We Have to Separate Talent From Character
If there’s anything we need to learn as a society it’s that an artistic genius or talented person can still be an abuser, and no matter how talented they are, they don’t deserve the benefit of the doubt. In fact, the men and women we look up to as role models have to hold themselves to a higher standard. They should be examples of respect, good character and integrity, not people we let get away with anything and everything. If they decide to display horrible behavior, harassing people and destroying their lives, we as a society have to speak out against that and stop putting money in their pockets. We need to stop treating famous and powerful people as gods who can move through society with no accountability or responsibility for their negative actions.

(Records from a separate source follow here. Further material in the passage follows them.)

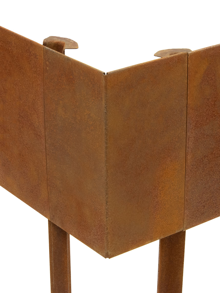 Cortenstaal staat bekend om zijn duurzame en weerbestendige eigenschappen. Naarmate het materiaal veroudert, ontwikkelt het een karakteristieke roestkleur die voor een warme, natuurlijke uitstraling zorgt. Dit maakt de plantenbak niet alleen een blikvanger, maar ook onderhoudsarm en geschikt voor alle seizoenen. Zeer geschikt om in combinatie te gebruiken met onze andere cortenstaal producten, zoals de veelzijdige Multi-Edge METAL en Multi-Edge PROFILE.
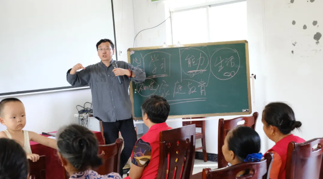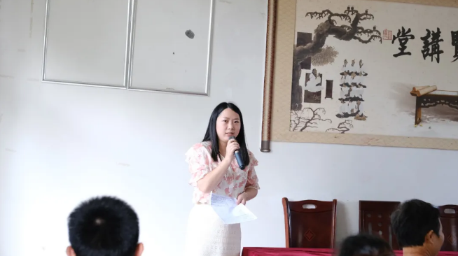 “家庭是人生的第一所学校,家长是孩子的第一任老师,要给孩子讲好人生第一课,帮助扣好人生第一粒扣子。”习近平总书记在全国教育大会上对家庭教育的阐述。首先由德厚国学公益专家志愿者大酉书院张晓院长给周家湾村的四十二位家长做了一场精彩的家庭教育讲座。
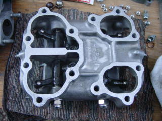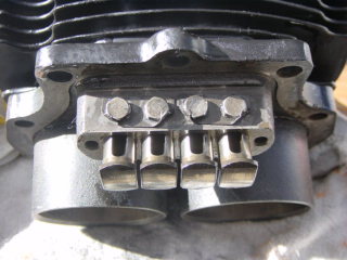 そしてロッカーカバーにロッカーアームとシャフトを組み付けていきます。ロッカーアームは吸気、排気側で形状が違いますが、どちらか忘れてしまったので、適当に組み付けたら、見事に逆でした。正しい組み合わせにしたのが、下の写真です。袋ナットはW1クレージーズで譲ってもらったステンレス袋ナットですが、これは特別な形状、寸法ではなく、規格品で間に合うようです。
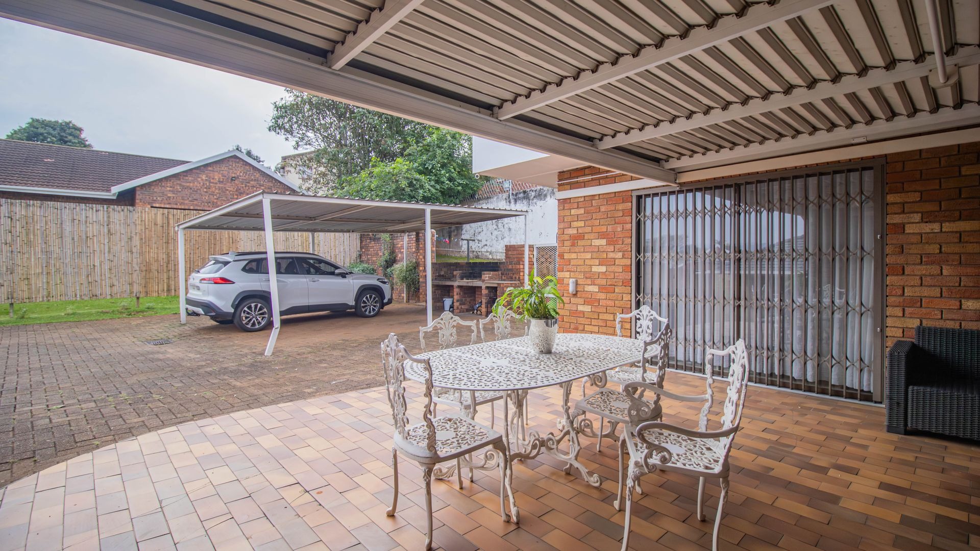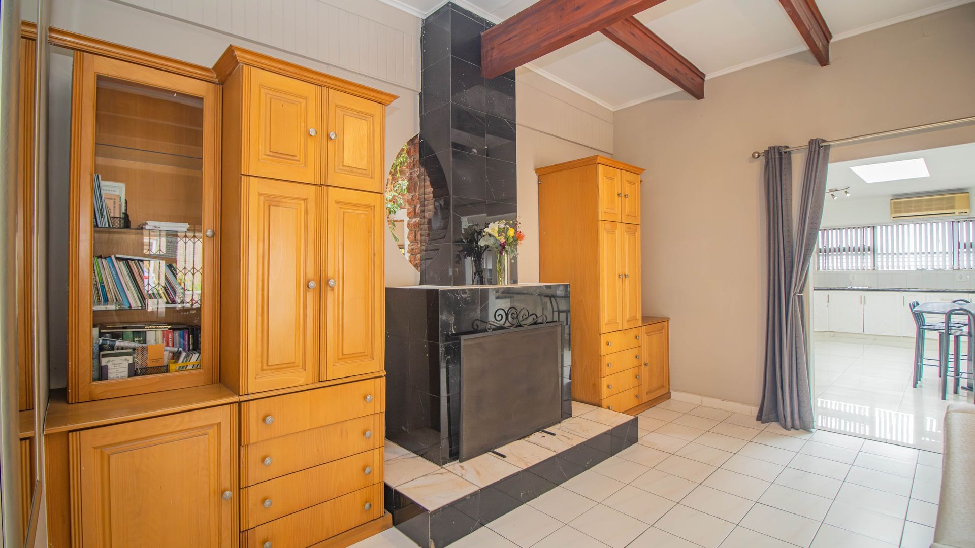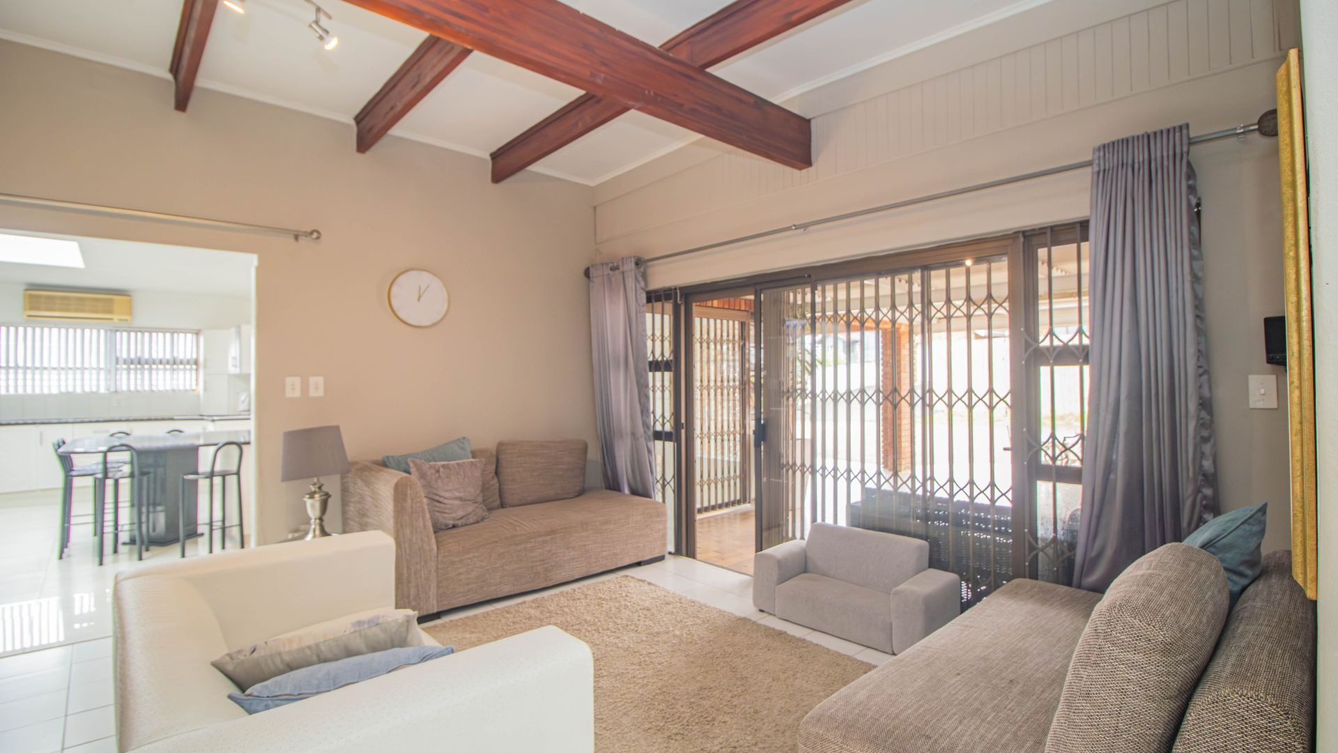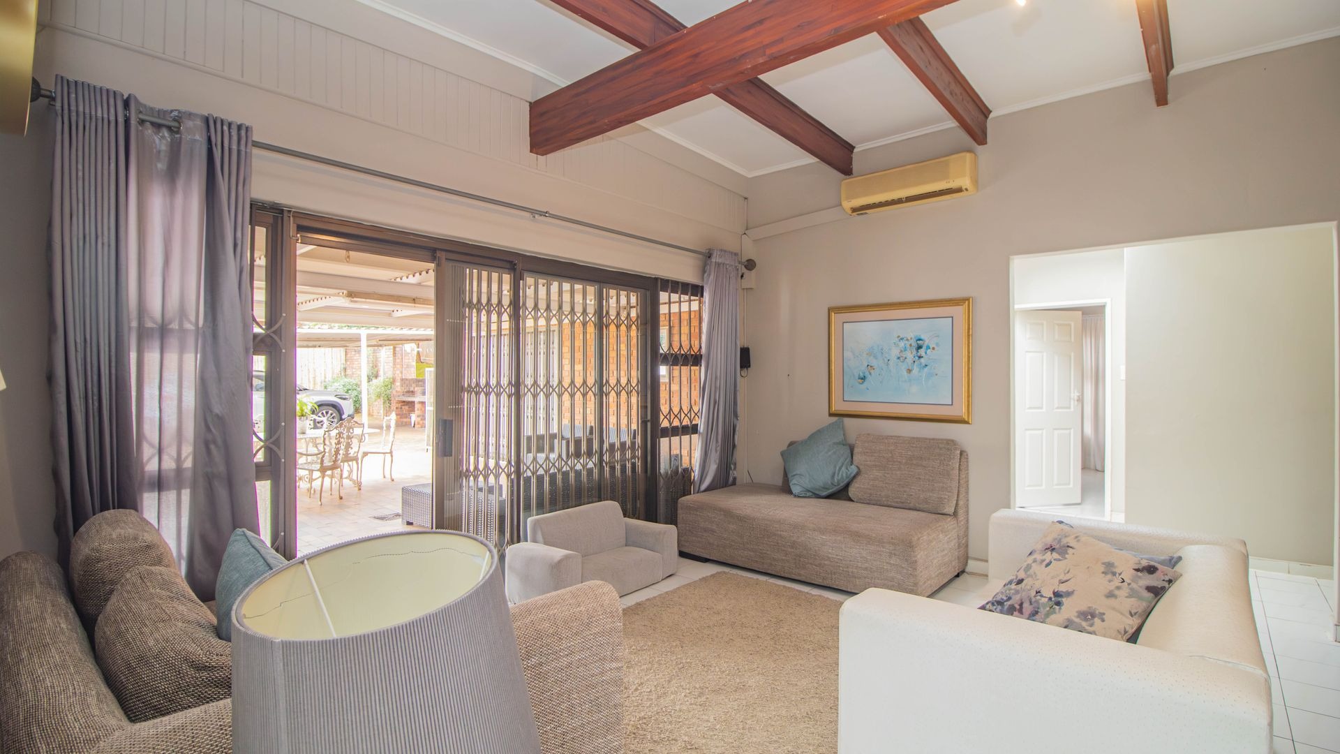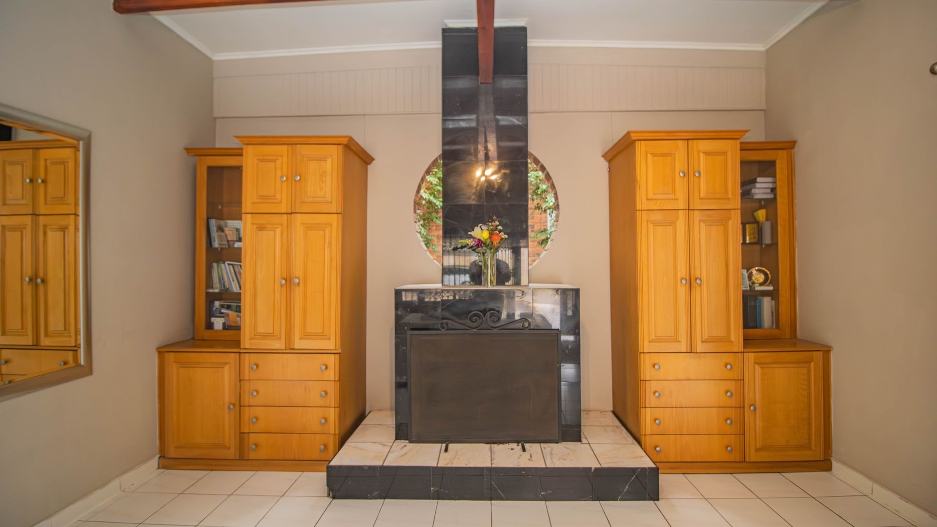 The double-storey facebrick Main Front House features a wrap-around Balcony, Double Garage, Double Carport, and space for 20 vehicles. Inside, there's a large basement room with an en-suite, luxurious living spaces, Indoor Zen Garden, TV Lounge with fireplace, and a gourmet Kitchen with granite tops. The Main House boasts 5 bedrooms (3 en-suite) and a guest loo.
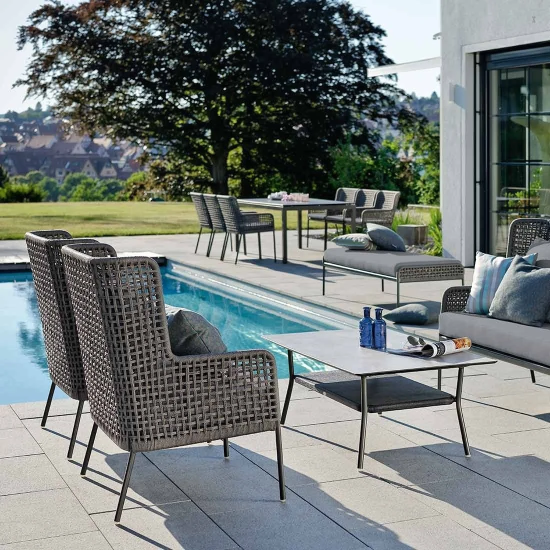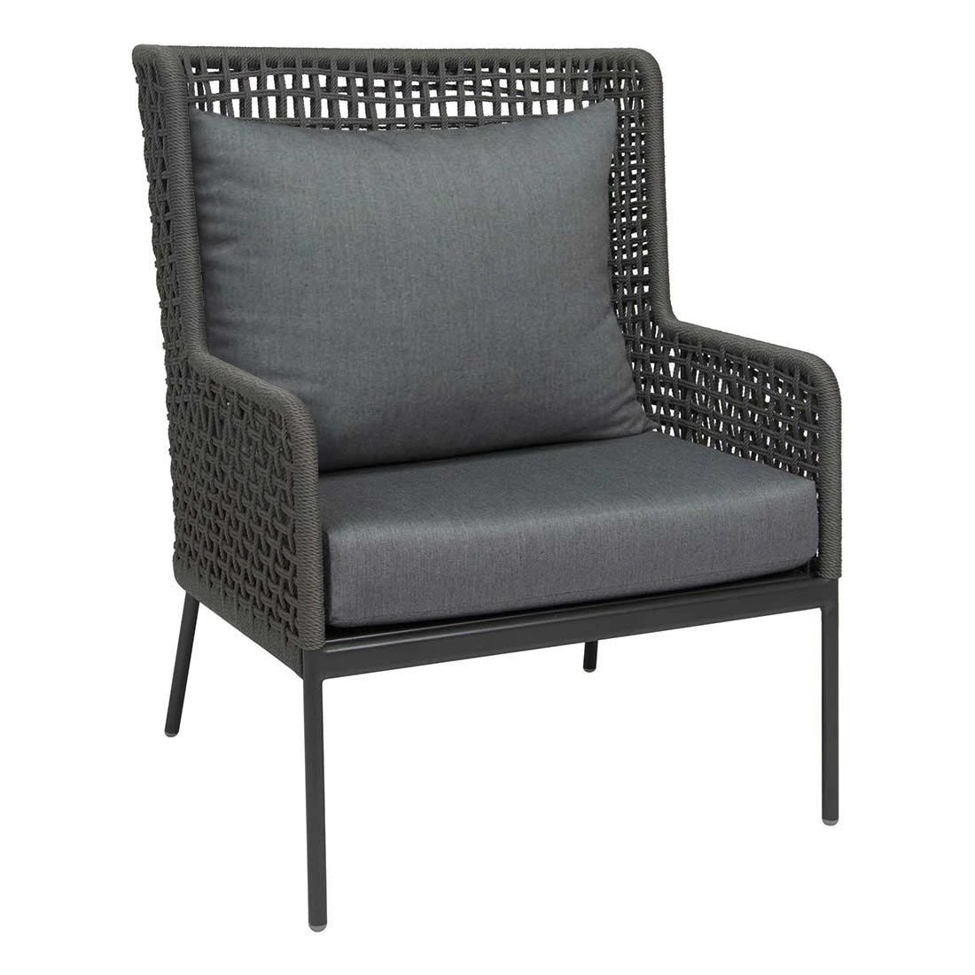Für die Herstellung des Gestells wird hochwertiges und wetterfestes Aluminium verwendet. Farblich ist es in attraktivem Anthrazit gehalten. Das Gestell ist mit Rope umflochten und bringt somit ein gemütliches Flair auf Ihre Terrasse. Die Sitzfläche ist mit einem outdoortauglichen und komfortablen Stoff in der Farbe Seidengrau bezogen. Bei langen Feuchtigkeitsperioden empfehlen wir für eine längere Haltbarkeit dennoch eine Lagerung der abnehmbaren Kissen im Inneren.
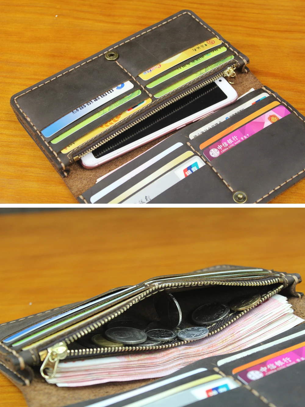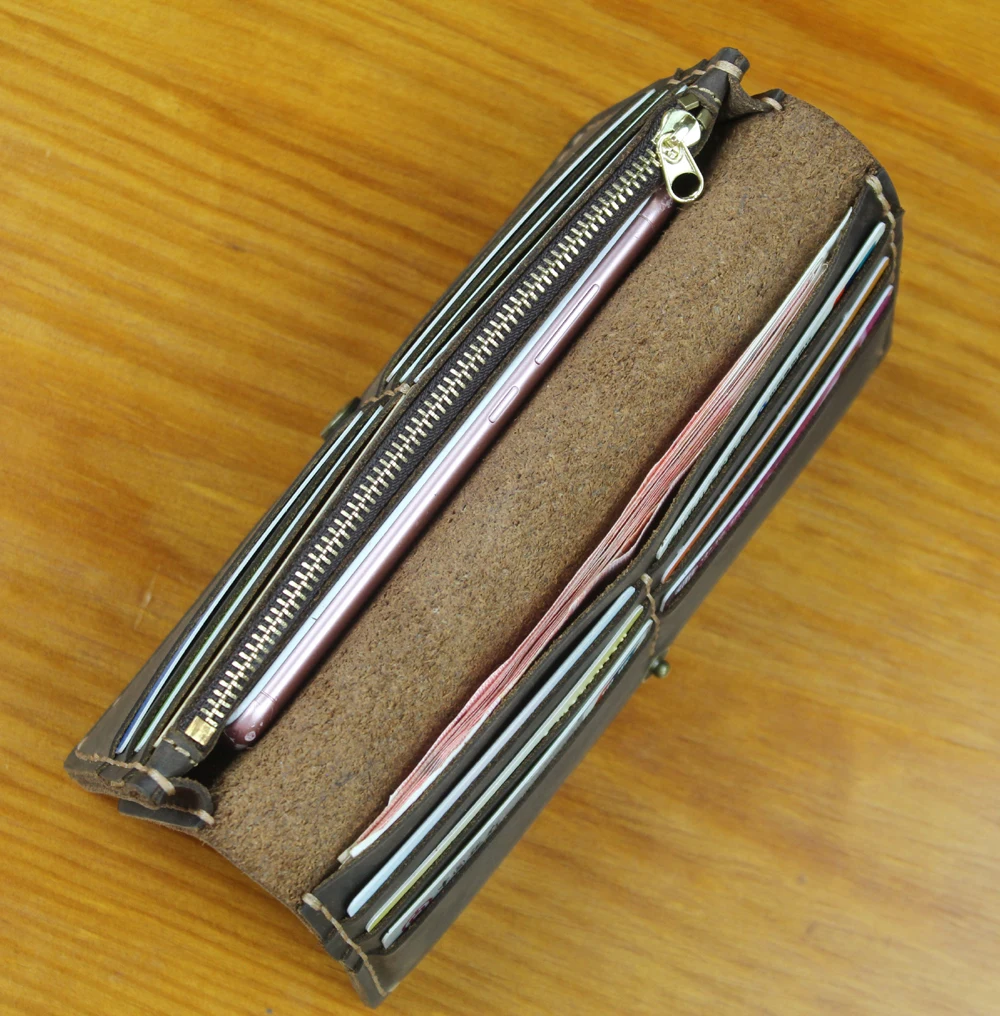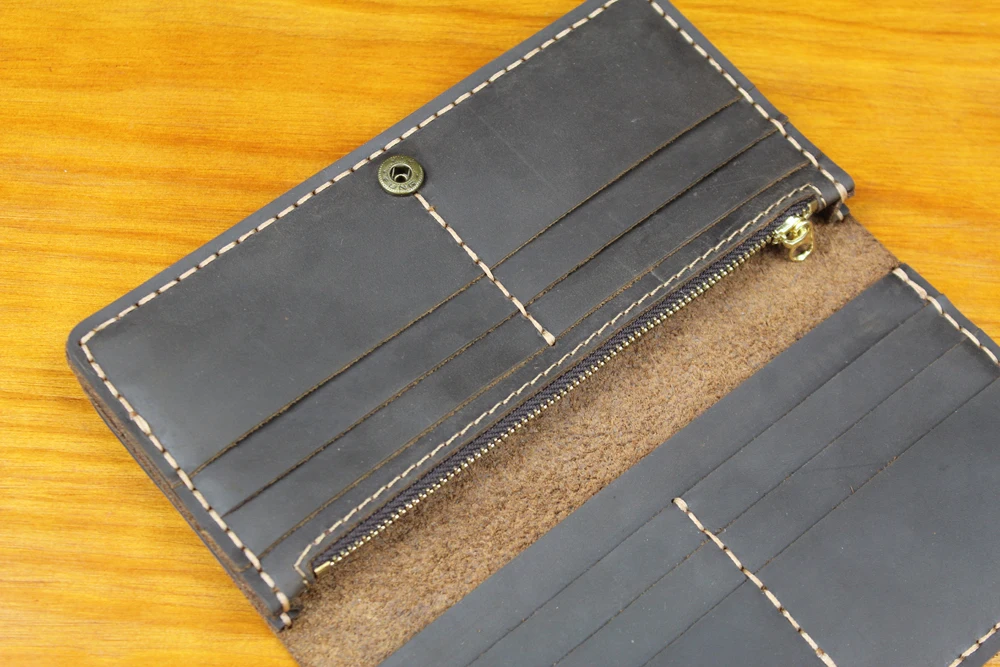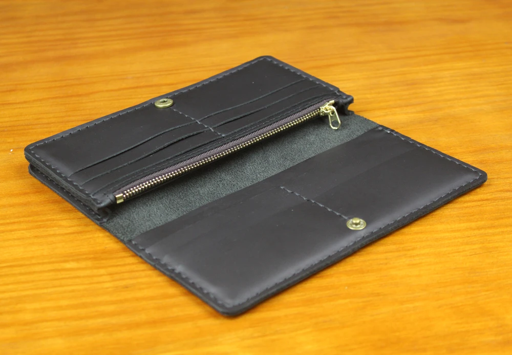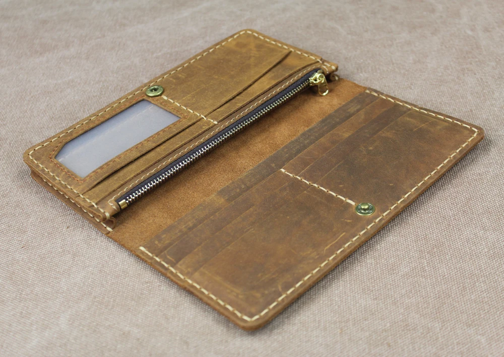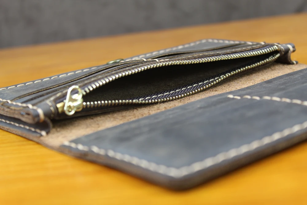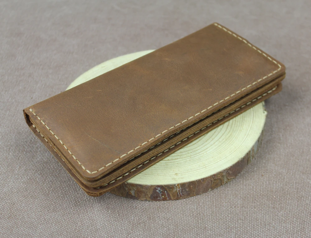 Luxury Handmade Genuine Leather Long Wallet Men Bifold Purse Clutch Wallet Money Clip Phone Case Money Bag
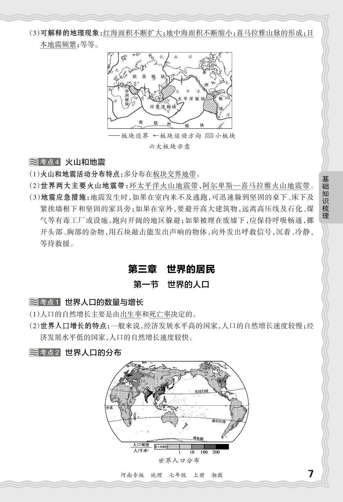 2023秋上册七年级地理湘教版 期末过课本·基础知识梳理 第三章 世界的居民

We Need to Have More Conversations
Whether it’s at work, at universities or even in the privacy of our own homes, we have to have conversations about harassment and abuses of power. Many victims struggle to come forward because they either think they did something to ask for the abuse, or they don’t think what happened to them was an abuse of power. If we were to have more open conversation about the spectrum of abuse and how it manifests in behavior, we could raise the standards of how we treat each other. We would make it so much easier for victims to use their voices. In a lot of companies, employees have had to discuss what sexual harassment looks like and this awareness actually makes the workplace safer. We need to extend that to the whole society.
The #MeToo movement lifted the lid on so many abuses and though it wasn’t always perfect, it forced us to start having the necessary conversations that make our world safer for everyone else. When we work for companies, our safety is their responsibility, and just as our employers expect want to be sure that we have integrity when they hire us, we expect the same from them. We expect to be safe from abuse and harassment, to be treated with respect at all the time, and for any incidents of abuse to be dealt with accordingly, not swept under the rug.